Li Jessie Y, D'Addario Johanna, Tymon-Rosario Joan, Menderes Gulden, Young Melissa R, Johung Kimberly, Ratner Elena, Minkin Mary Jane, Damast Shari
Departments of Therapeutic Radiology.
Obstetrics, Gynecology, and Reproductive Sciences, Yale University School of Medicine, New Haven, CT.
Am J Clin Oncol. 2021 Apr 1;44(4):143-149. doi: 10.1097/COC.0000000000000800.
The objective of this study was to examine patterns of care and outcomes of female cancer patients treated for sexual and menopausal symptoms following pelvic radiotherapy (PRT) at our institution's multidisciplinary Sexuality, Intimacy, and Menopause (SIMS) Program.
We performed a retrospective review of 69 female patients who received PRT for gynecologic or gastrointestinal malignancies and were referred for SIMS Program intervention. Indications for referral and treatment patterns were summarized. Preintervention and postintervention, patients were screened at follow-up visits, and symptoms were recorded. Statistics were performed using Stata 13.1.

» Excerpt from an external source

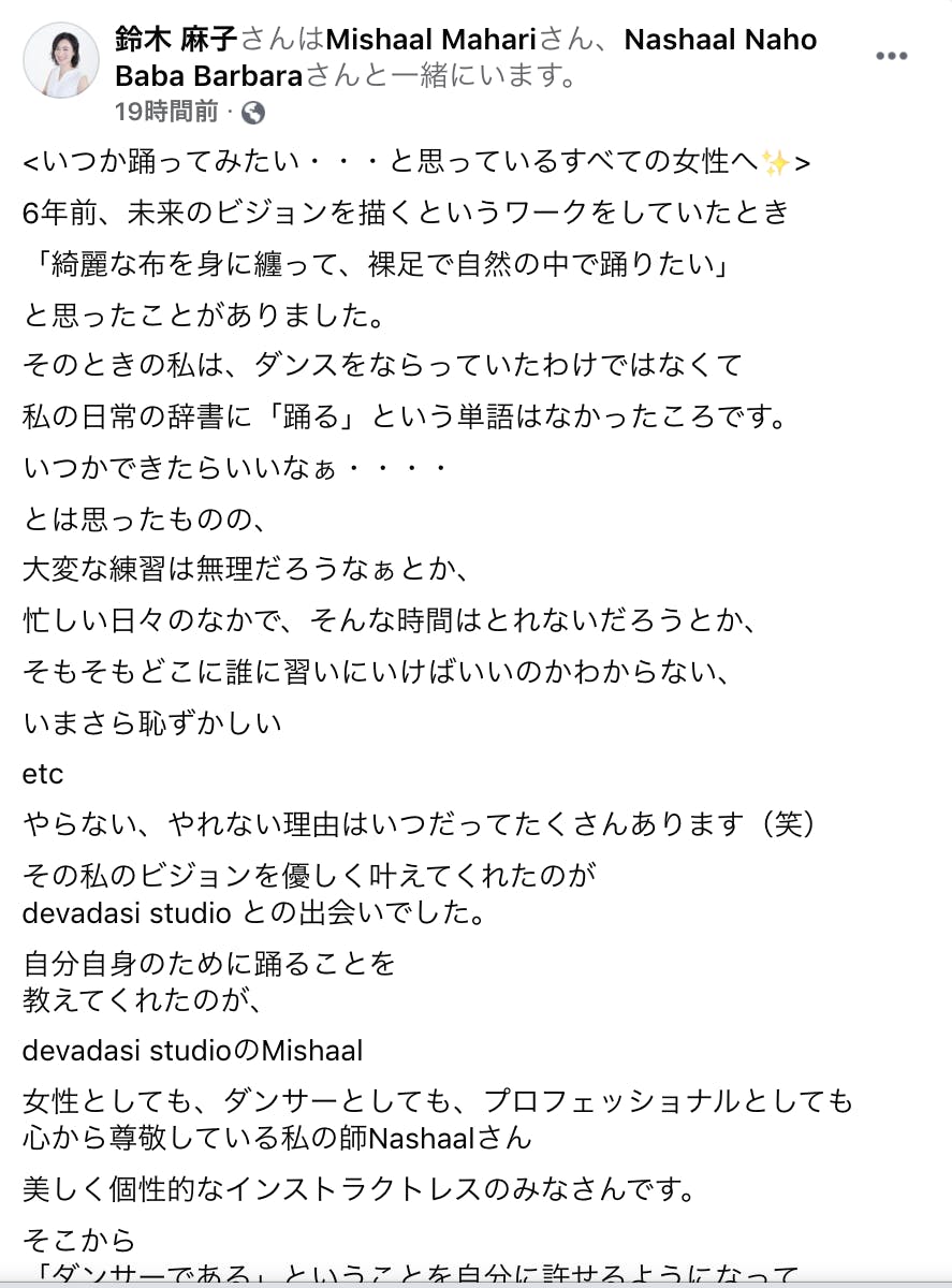 デバダシスタジオは、ダンスと女性たちを導くための並外れた本質的な価値観と、献身的な講師や参加メンバーにあふれたスタジオです。私が東京に通ってきたこの10年、とても力強い、女性たちのコミュニティーの中心であり続けています。スタジオを創り育て続けている主宰のミシャール、そして一人ひとりの生徒さん、講師のみなさんを心からの敬意を送ります。またここに戻れることを楽しみにしています。

Cancer types included cervical (53.6%), endometrial (31.9%), anorectal (5.8%), and vulvar/vaginal (8.7%). The median age was 48 years (interquartile range: 38 to 58 y). Patients were educated on vaginal lubricants, moisturizers, and dilator therapy both before and after PRT. Reasons for SIMS referral included persistent menopausal symptoms (50.7%), dyspareunia (40.6%), vaginal dryness (37.7%), decreased libido (17.4%), intimacy concerns (17.4%), and/or physical examination alterations (27.5%). SIMS interventions included vaginal estrogen (77.3%), nonhormonal climacteric interventions (53%), systemic hormone therapy (31.8%), dehydroepiandrosterone (4.6%), testosterone cream (4.6%), and/or psychological pharmacotherapy or counseling (13.6%). With a median follow-up of 36 months (interquartile range: 18 to 58 mo), sexual symptoms improved or were stable in 83.6%, while menopausal symptoms improved or were stable in 80.5%.
This study highlights the importance of multidisciplinary care in improving the sexual and menopausal symptoms of women after PRT. Future work examining the impact of intervention timing with respect to PRT and measures of patient satisfaction is warranted.
本研究的目的是在我们机构的多学科性、亲密关系和更年期(SIMS)项目中,研究盆腔放疗(PRT)后接受性和更年期症状治疗的女性癌症患者的护理模式和结局。
我们对69例因妇科或胃肠道恶性肿瘤接受PRT并被转诊至SIMS项目进行干预的女性患者进行了回顾性研究。总结了转诊指征和治疗模式。在干预前和干预后,对患者进行随访筛查并记录症状。使用Stata 13.1进行统计分析。
癌症类型包括宫颈癌(53.6%)、子宫内膜癌(31.9%)、肛管直肠癌(5.8%)和外阴/阴道癌(8.7%)。中位年龄为48岁(四分位间距:38至58岁)。患者在PRT前后均接受了阴道润滑剂、保湿剂和扩张器治疗的教育。转诊至SIMS的原因包括持续性更年期症状(50.7%)、性交困难(40.6%)、阴道干燥(37.7%)、性欲减退(17.4%)、亲密关系问题(17.4%)和/或体格检查改变(27.5%)。SIMS干预措施包括阴道雌激素(77.3%)、非激素更年期干预(53%)、全身激素治疗(31.8%)、脱氢表雄酮(4.6%)、睾酮乳膏(4.6%)和/或心理药物治疗或咨询(13.6%)。中位随访时间为36个月(四分位间距:18至58个月),83.6%的患者性症状改善或稳定,80.5%的患者更年期症状改善或稳定。
本研究强调了多学科护理在改善PRT后女性性和更年期症状方面的重要性。未来有必要开展工作,研究干预时机对PRT的影响以及患者满意度的衡量指标。